Mr Somers treated the shareholders to a breezy appraisal of his resumé.

He concluded by noting that at the time of his departure from the National Treasury Management Agency in late 2009 it “was left standing while all the [financial] institutions around it fell down”.

The meeting was frequently interrupted by Billy McGuire of the Irish Republican Brotherhood, who questioned where AIB had received its licence and why it was “fraudulently” using the “sovereign seal of Éire”. Mr Hodgkinson assured the meeting that AIB was properly licensed and that he had legal advice that contradicted Mr McGuire’s claims.

Dermot Carroll asked how many of the 30 former AIB executives had agreed to the bank’s request that they hand back some of their pension.

Mr Hodgkinson said the details were “confidential” and wouldn’t budge from this answer in spite of being pressed repeatedly.


Independent News & Media
Another shareholder wanted the details of AIB's involvement in the financial restructuring of Independent News & Media, where a syndicate of banks is wiping €138 million from its loans. Why not let it go bust or make "non-resident billionaires" put money into it, he asked. This was a reference to Denis O'Brien, INM's biggest shareholder.
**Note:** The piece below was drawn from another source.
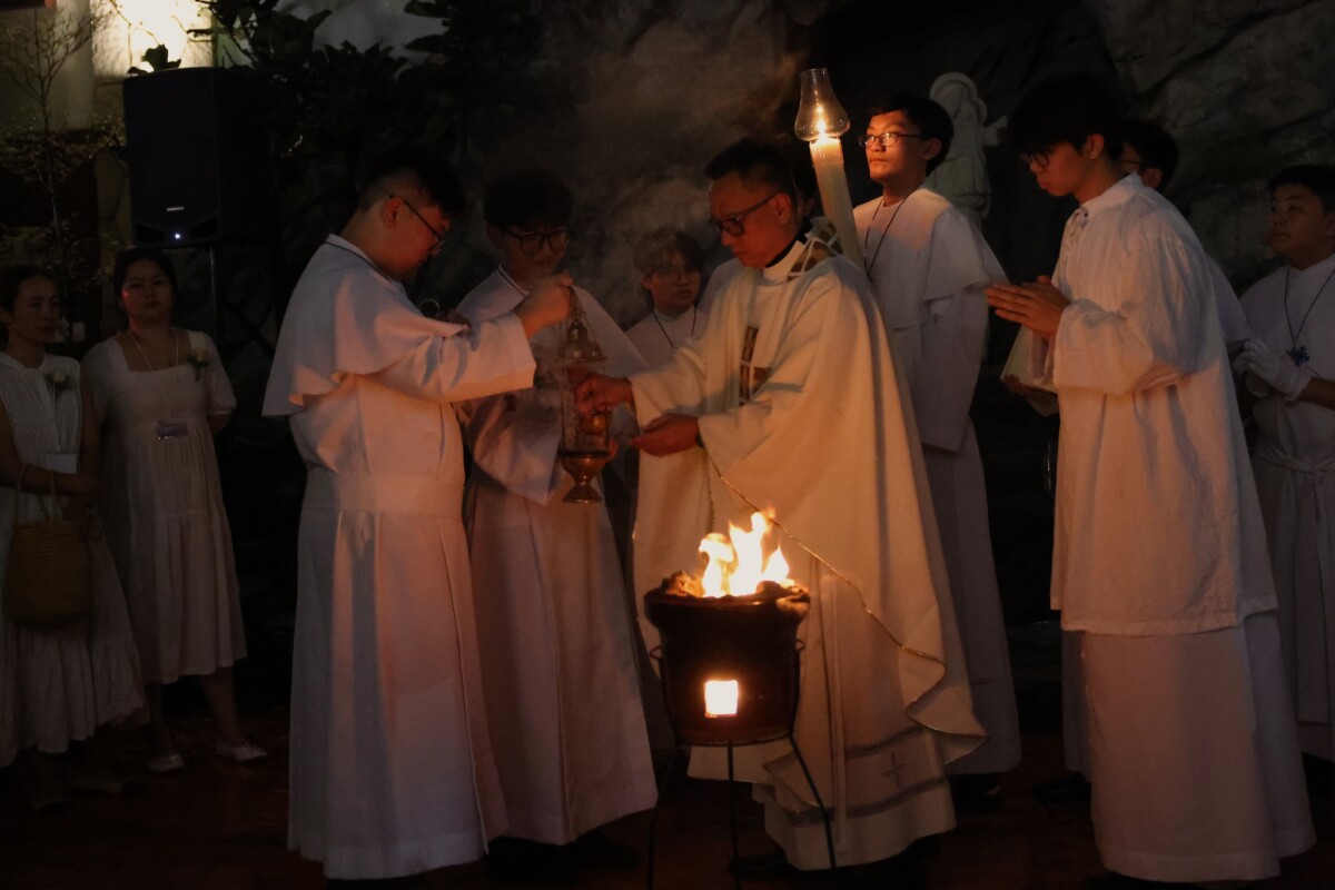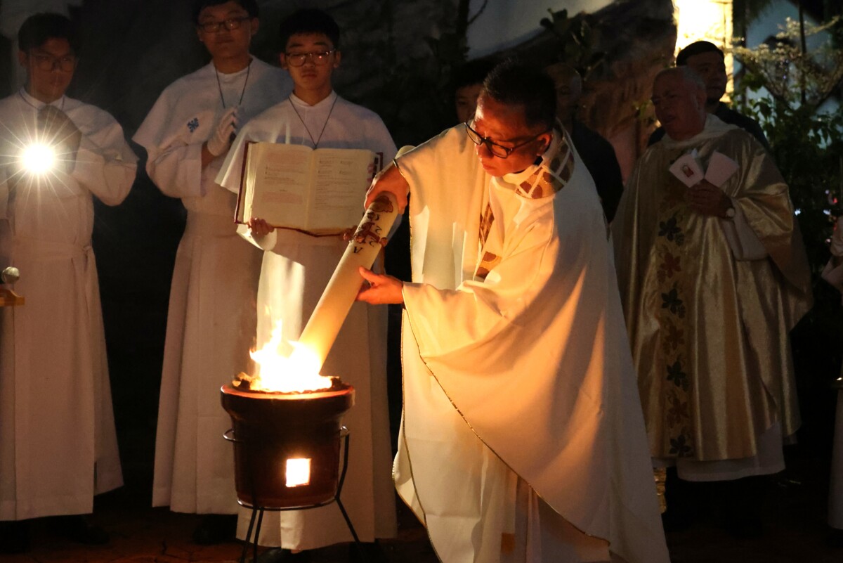 The Easter Vigil is the “mother of all vigils,” the great liturgy in which the Church keeps watch in prayer, listening to the Word of God and celebrating the passage of Christ from death to life. It begins in darkness. Outside, a new fire is blessed, and from it the Paschal Candle is lit, sign of Christ, the Light of the world.

Mr Hodgkinson said the restructuring was in the “collective best interests of all parties but particularly the banks”.

The same shareholder later asked what would happen if the whole board was removed, as there would be no continuity of management.


Continuity AIB
"I agree. We would have a genuine continuity issue," Mr Hodgkinson said. One wag chimed in with "we could call it the Continuity AIB".

Thankfully, they were well out of earshot of our friend from the IRB.